If there was ever a time you found yourself swimming through deep beats on a dark dance floor back in the early naughties then you were one of those true fans of deep house. And as I sit back and look at all the clubs around me I wonder where is the DEEP house still prevalent?
Maybe it’s because deep house is fairly non existent with new artists of today… Until I stumbled onto The Field with their new album Looping State Of Mind. The album begins with a high toned synth that slowly rolls into a paced bass line carried there by a systematic, stamping beat. And the first track, Is This Power, should hit a nerve when it comes to that old school, deep bass beats that we so love.
The music seems to flow more or less the same from that tone until you are met with the trippy title song, Looping State of Mind, and you are going to love it. It feels like a slow mix of ragga influenced beats that makes you want to lift your knees as you swoop around the room dancing. It will definitely hit that African feel we all love so much without taking it into that crazy, I need to drink a six pack to handle this jungle fever, kinda vibe africanism leaves you with. So, brothers and sisters, take this one in the only way deep house allows you to take it in… Deeply.
Which brings us to the most stunning song of them all. A piano accompanied little gem that is far more emotionally driven with a sense of epic proportion than all the other tracks on offer. It might remind you of some of Moby’s late nineties tracks where the piano and a soft, somber beat dance in perfect unison together. It almost draws a tear as the music reaches out to it’s immediate atmosphere and turns it into one of euphoric perplexities.
The last track… Let’s just say it’s the last track, end of that.
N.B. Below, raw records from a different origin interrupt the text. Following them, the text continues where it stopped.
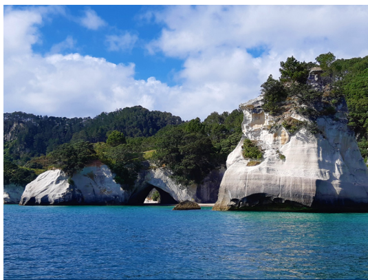
Coromandel - Cathedral Cove

Discover the endless coastlines and sandy coves, the rugged volcanic landscapes and native forests of this scenic region, along with many unique and quirky attractions. With a mountainous interior cloaked in native rainforest and more than 400 kilometres of dazzling white sand beaches, the Coromandel is rustic, unspoiled and relaxed. You will love this tour.
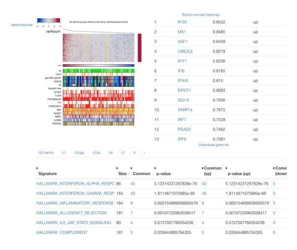
Figure 2: MIxT module overview page. The top left panel contains the gene expression heatmap for the module genes. The top right panel contains a table of the genes found in the module. The bottom panel contains the results of gene overlap analyses from the module genes and known gene sets from MSigDB.

The web application is hosted by a custom web server. This web server is responsible for dynamically generating the different views based on data from the statistical analyses and biological databases, and serve these to users. It also
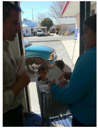
Figure 6: Residents voiced their opinions at mobile workshops.

An ongoing challenge in the transportation community is how to engage the public, obtain feedback, and incorporate responses into planning documents. Dona Ana County, located in southern New Mexico, has an innovative method for educating the public about livability principles and soliciting feedback from residents who are not typically involved in the planning process. Through a series of mobile workshops, the <u>Viva Dona Ana</u> team met with approximately 250 people to discuss issues such as jobs, housing, education, and transportation.
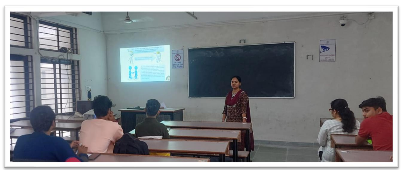
SSIP 2.0 Awareness program at EC department
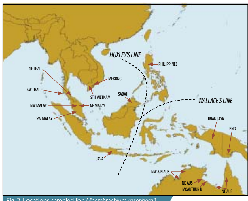
Fig. 2. Locations sampled for Macrobrachium rosenbergii

Whilst it is surprising that no molecular analyses (DNA-marker studies) have been undertaken on this species to date, the technique has proven very powerful and informative in other decapods where biochemical markers have proven conservative. Variation in the 16S ribosomal RNA mitochondrial DNA (mtDNA) gene has proven useful for addressing evolutionary relationships at both the interand intra-specific level in a number of major crustacean groups (Sarver et al. 1998; Crandall et al. 1999; Tong et al. 2000; Wetzer 2001). Thus, patterns of variation in mtDNA among wild stocks of M. rosenbergii can provide an independent and informative
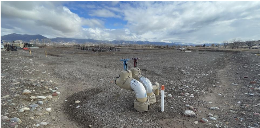
South West corner of location.
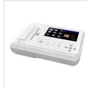
6 Channel ECG Machine
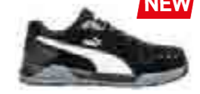
64.465.0 AIRTWIST BLACK LOW S3 ESD HRO SRC
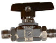
Passivated & SS Ball Valves
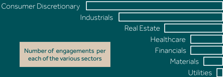
Number of engagements per each of the various sectors

Various types of engagements which occurred over last 12 months
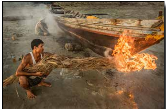
“Boat Repair, Myanmar”
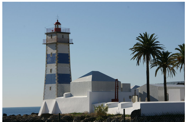
Location: Cascais, Portugal
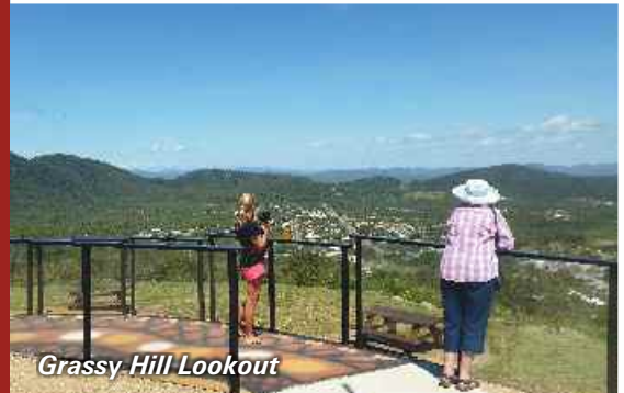
Grassy Hill Lookout

But the entire seven track album is totally worth your while. If you feel the need to see what ever happened to deep house, this is where it went guys. This is it’s development as a genre of music and compared to some other genres from the dance world I am eager to say that the development of deep house is totally like a bottle of wine, aging, maturing and now displaying something very cerebral in an unexpectedly beautiful manner.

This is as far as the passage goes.